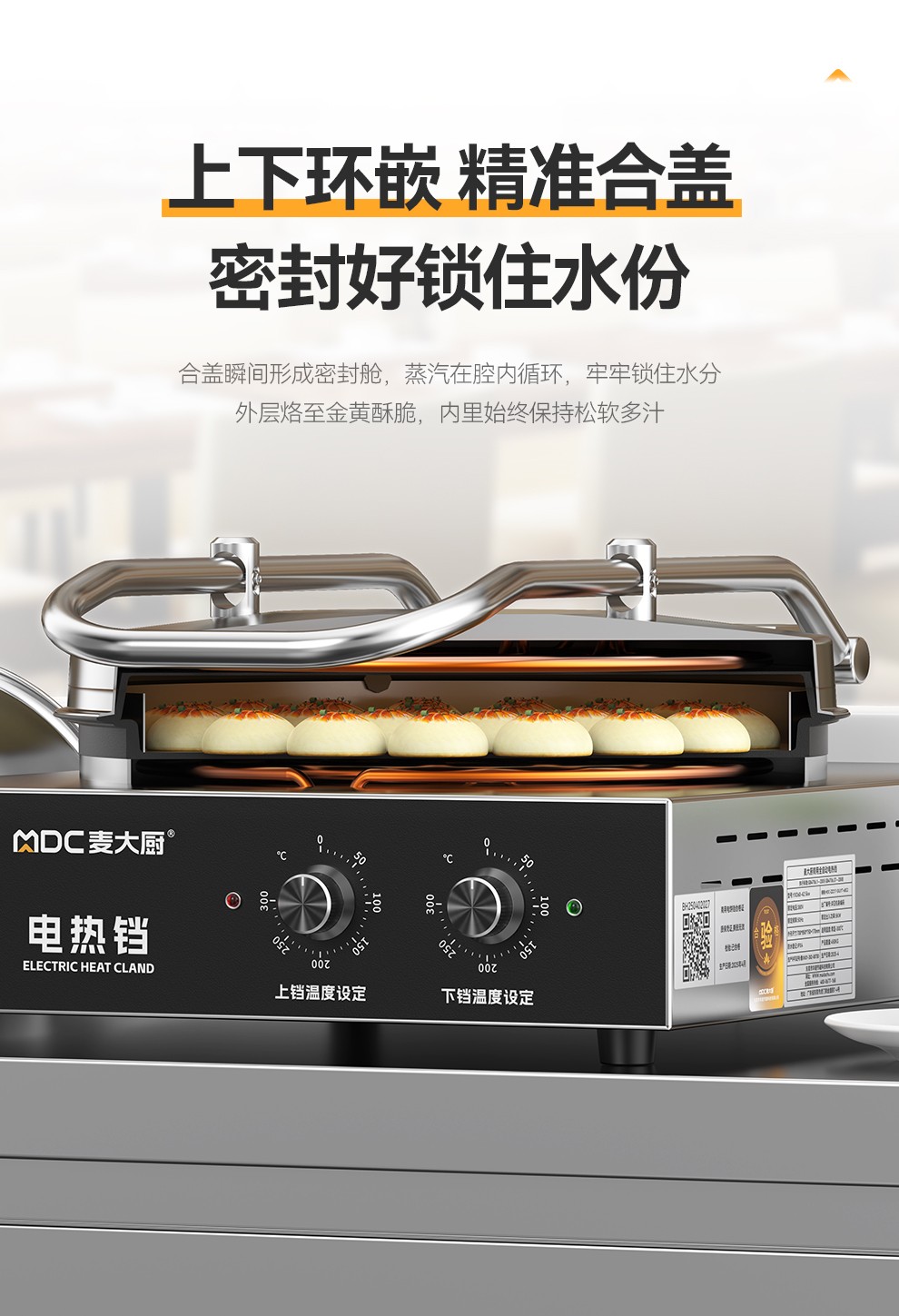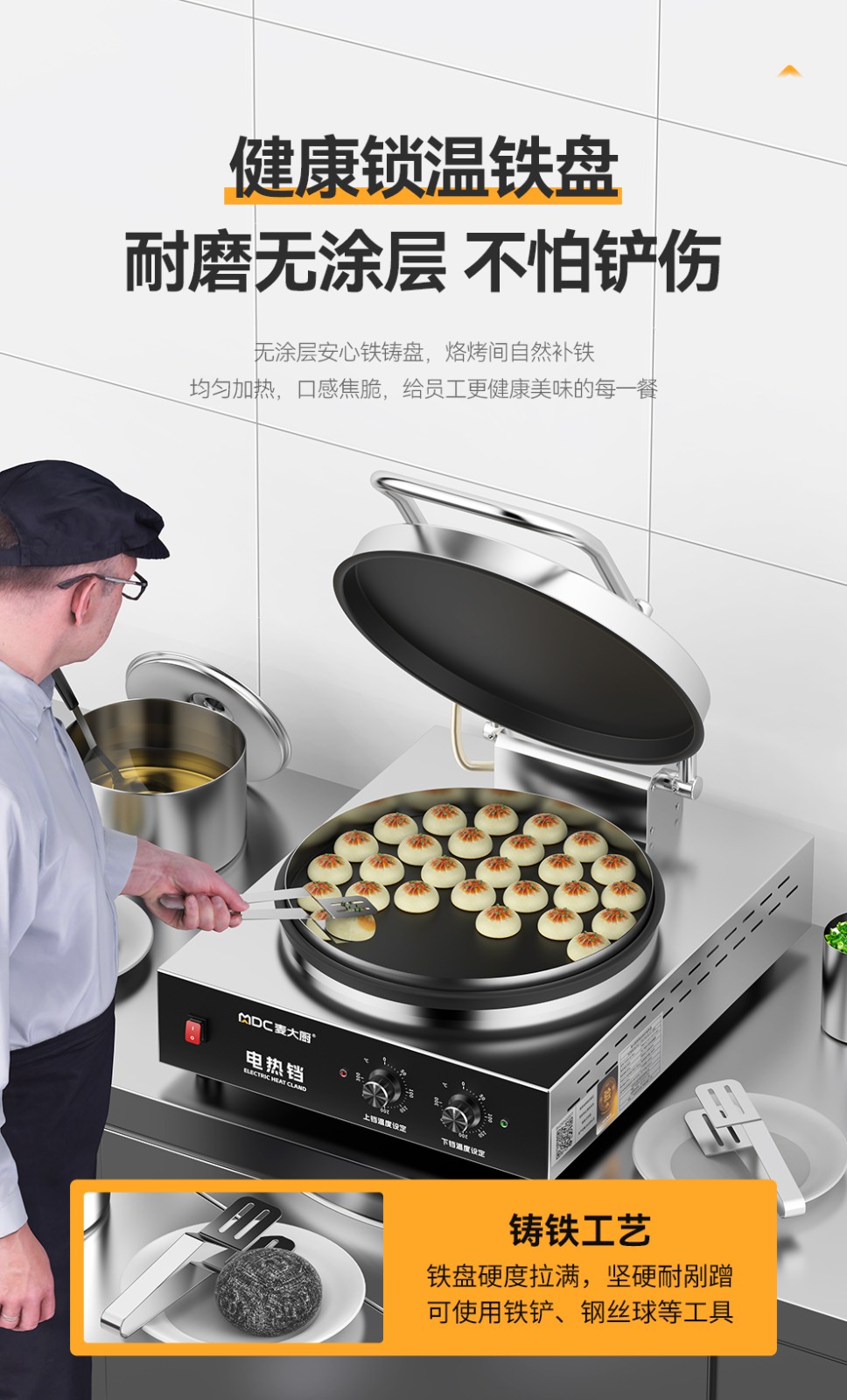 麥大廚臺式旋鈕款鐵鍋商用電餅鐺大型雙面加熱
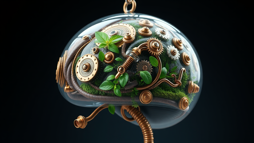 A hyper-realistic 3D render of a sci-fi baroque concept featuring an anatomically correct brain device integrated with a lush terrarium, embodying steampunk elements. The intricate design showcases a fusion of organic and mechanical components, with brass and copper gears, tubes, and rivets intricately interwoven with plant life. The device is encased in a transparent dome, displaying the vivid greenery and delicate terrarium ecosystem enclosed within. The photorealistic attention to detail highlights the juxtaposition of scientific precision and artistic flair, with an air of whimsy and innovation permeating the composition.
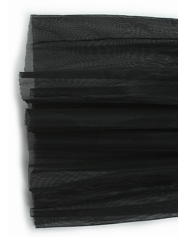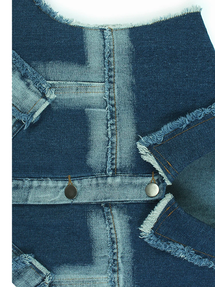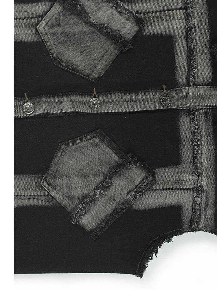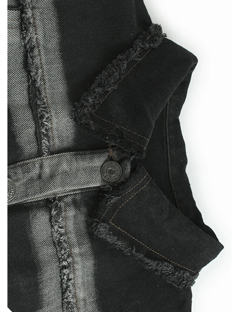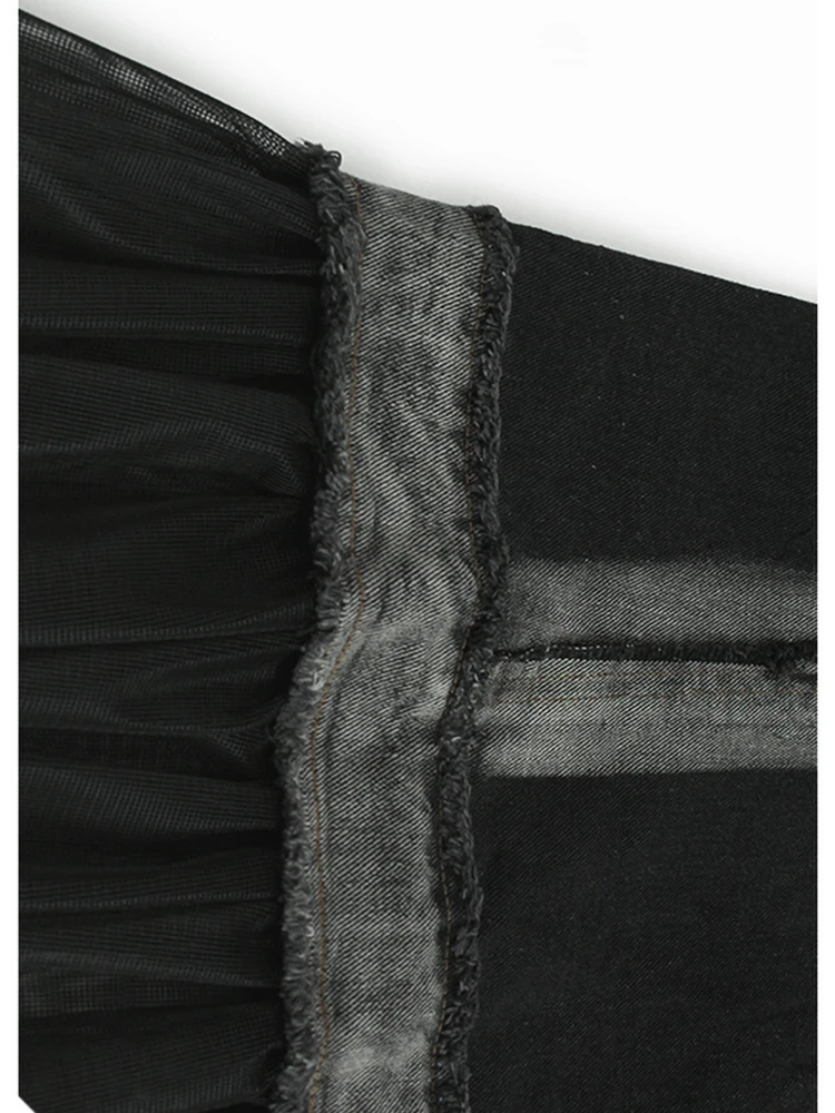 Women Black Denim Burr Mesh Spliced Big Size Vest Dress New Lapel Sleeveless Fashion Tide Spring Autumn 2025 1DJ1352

==

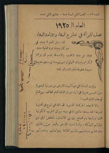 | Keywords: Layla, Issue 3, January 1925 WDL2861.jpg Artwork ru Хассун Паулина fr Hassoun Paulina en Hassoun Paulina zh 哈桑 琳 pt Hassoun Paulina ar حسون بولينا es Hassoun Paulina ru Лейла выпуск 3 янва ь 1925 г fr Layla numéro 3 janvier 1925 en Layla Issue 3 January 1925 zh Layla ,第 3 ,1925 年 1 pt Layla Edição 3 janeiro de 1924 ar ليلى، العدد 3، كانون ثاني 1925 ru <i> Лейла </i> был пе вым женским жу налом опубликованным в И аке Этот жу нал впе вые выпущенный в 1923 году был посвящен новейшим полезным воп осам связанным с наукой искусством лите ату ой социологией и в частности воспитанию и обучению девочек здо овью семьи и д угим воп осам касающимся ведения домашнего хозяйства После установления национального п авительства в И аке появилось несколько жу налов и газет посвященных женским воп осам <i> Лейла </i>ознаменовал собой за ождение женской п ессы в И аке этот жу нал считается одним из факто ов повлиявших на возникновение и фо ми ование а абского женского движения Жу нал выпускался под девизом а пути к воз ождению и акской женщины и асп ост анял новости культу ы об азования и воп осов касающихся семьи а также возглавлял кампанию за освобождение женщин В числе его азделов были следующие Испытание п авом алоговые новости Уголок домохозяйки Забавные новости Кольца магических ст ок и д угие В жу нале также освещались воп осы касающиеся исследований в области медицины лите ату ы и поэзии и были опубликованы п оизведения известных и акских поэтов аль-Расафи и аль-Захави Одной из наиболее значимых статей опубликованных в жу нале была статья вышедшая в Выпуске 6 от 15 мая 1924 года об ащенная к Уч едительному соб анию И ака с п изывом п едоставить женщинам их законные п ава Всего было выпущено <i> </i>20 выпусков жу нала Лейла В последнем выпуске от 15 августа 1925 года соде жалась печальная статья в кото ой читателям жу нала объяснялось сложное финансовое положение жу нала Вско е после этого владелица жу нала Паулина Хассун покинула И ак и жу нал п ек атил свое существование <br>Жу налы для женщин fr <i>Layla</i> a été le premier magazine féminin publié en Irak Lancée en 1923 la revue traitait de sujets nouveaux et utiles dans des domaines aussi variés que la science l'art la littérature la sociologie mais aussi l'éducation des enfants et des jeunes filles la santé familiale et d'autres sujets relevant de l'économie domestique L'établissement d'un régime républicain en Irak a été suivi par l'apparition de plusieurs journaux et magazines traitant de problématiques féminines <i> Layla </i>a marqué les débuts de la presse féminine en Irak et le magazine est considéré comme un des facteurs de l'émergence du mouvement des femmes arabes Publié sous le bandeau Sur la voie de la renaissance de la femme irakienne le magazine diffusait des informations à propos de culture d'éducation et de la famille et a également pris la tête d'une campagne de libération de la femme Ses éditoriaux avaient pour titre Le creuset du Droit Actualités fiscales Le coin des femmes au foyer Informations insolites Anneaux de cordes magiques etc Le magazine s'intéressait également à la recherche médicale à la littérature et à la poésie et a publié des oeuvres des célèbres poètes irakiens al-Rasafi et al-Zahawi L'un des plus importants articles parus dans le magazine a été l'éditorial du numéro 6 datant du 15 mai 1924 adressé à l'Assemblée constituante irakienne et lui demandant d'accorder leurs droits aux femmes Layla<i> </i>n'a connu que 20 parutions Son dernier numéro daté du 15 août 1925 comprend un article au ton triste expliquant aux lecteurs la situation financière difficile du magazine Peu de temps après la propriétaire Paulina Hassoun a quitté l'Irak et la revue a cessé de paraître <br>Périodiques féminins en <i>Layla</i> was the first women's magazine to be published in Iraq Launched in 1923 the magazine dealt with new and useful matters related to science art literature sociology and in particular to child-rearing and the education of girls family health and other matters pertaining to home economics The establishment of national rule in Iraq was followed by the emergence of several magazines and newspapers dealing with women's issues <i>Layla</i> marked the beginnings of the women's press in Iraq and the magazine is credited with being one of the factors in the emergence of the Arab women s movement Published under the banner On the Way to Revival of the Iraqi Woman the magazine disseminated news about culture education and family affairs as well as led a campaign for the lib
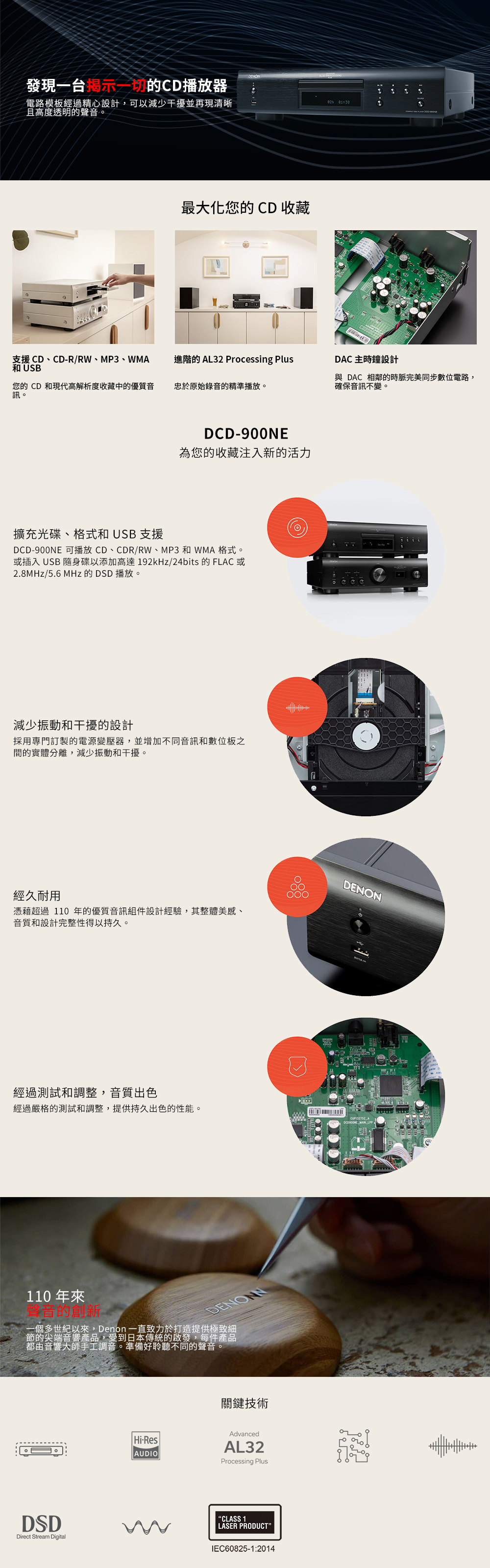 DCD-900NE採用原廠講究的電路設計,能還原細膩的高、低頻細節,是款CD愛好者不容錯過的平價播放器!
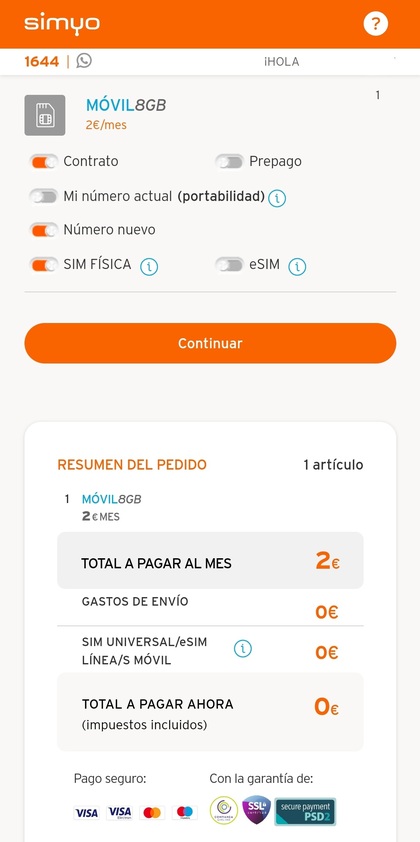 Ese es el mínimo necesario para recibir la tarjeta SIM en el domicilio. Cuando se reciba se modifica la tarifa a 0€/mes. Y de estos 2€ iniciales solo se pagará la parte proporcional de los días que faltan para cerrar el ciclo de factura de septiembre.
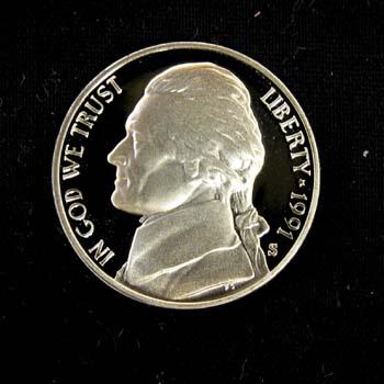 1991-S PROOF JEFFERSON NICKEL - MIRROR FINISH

Exercise directions ::
Using the entries above, repeat exactly the lines from the one with "Ese es el mínimo" to the one with "1991-S PROOF JEFFERSON", both included, and leave the pictures behind.

Task response ::
 Ese es el mínimo necesario para recibir la tarjeta SIM en el domicilio. Cuando se reciba se modifica la tarifa a 0€/mes. Y de estos 2€ iniciales solo se pagará la parte proporcional de los días que faltan para cerrar el ciclo de factura de septiembre.
 1991-S PROOF JEFFERSON NICKEL - MIRROR FINISH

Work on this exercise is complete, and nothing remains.